Why is normalization of condition images and target images different?
When creating my own dataset based off of the dataset tutorial, I noticed that the source images and target images are normalized between different values
# Normalize source images to [0, 1].
source = source.astype(np.float32) / 255.0
# Normalize target images to [-1, 1].
target = (target.astype(np.float32) / 127.5) - 1.0
I couldn't find any information on why these are normalized differently in the paper or on github. Is this difference important?
Oh, does this have to do with ReLU not being able to output negative values?
https://github.com/lllyasviel/ControlNet/commit/330064db78c54b6a9710e883f1c885ffadc3f7c7 looks like it was purposefully changed to be this way recently

The new conditioning information (hint; edge maps; normal maps; etc) are encoded using a convnet Epsilon that is trained during training.
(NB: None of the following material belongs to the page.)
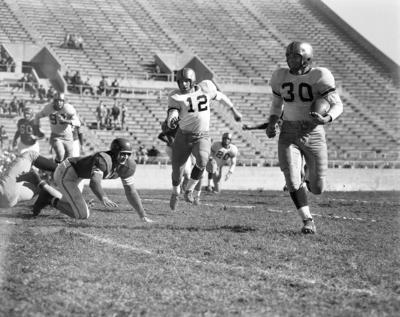 Carswell's Jim Jeffrey starts on a 48-yard scoring run against McMurry at Farrington Field. Trailing him is W. C. Cooper, the Bombers' quarterback. Carswell won the game, 61-12. Published in Fort Worth Star-Telegram morning edition November 4, 1951.
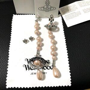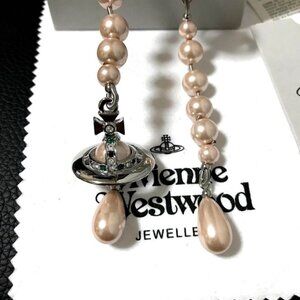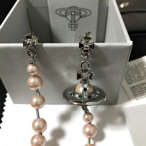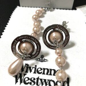 Vivienne Westwood Long Pearl Earrings Silver Pink Orb Drop with drawstring

Since this is a separate network, it doesn't really matter if inputs are normalized to [0, 1] or [-1, +1], or [0, 255.0], it should still work.
Noticed that this network, code here: https://github.com/lllyasviel/ControlNet/blob/main/cldm/cldm.py#L146-L162
has 3 2d-conv layers with stride=2. Each of these conv layers reduce the spatial dimension of the input feature map in half. The combined effect of the entire model is to reduce the input feature map by a factor of 8 (=2 ** 3). This is consistent with the reduction factor of the VAE in SD (512 (image size) / 64 (latent feature map size) = 8).
But then why the author modify the code separately if both ranges work?
The new conditioning information (hint; edge maps; normal maps; etc) are encoded using a convnet Epsilon that is trained during training. Since this is a separate network, it doesn't really matter if inputs are normalized to [0, 1] or [-1, +1], or [0, 255.0], it should still work.
Noticed that this network, code here: https://github.com/lllyasviel/ControlNet/blob/main/cldm/cldm.py#L146-L162
has 3 2d-conv layers with stride=2. Each of these conv layers reduce the spatial dimension of the input feature map in half. The combined effect of the entire model is to reduce the input feature map by a factor of 8 (=2 ** 3). This is consistent with the reduction factor of the VAE in SD (512 (image size) / 64 (latent feature map size) = 8).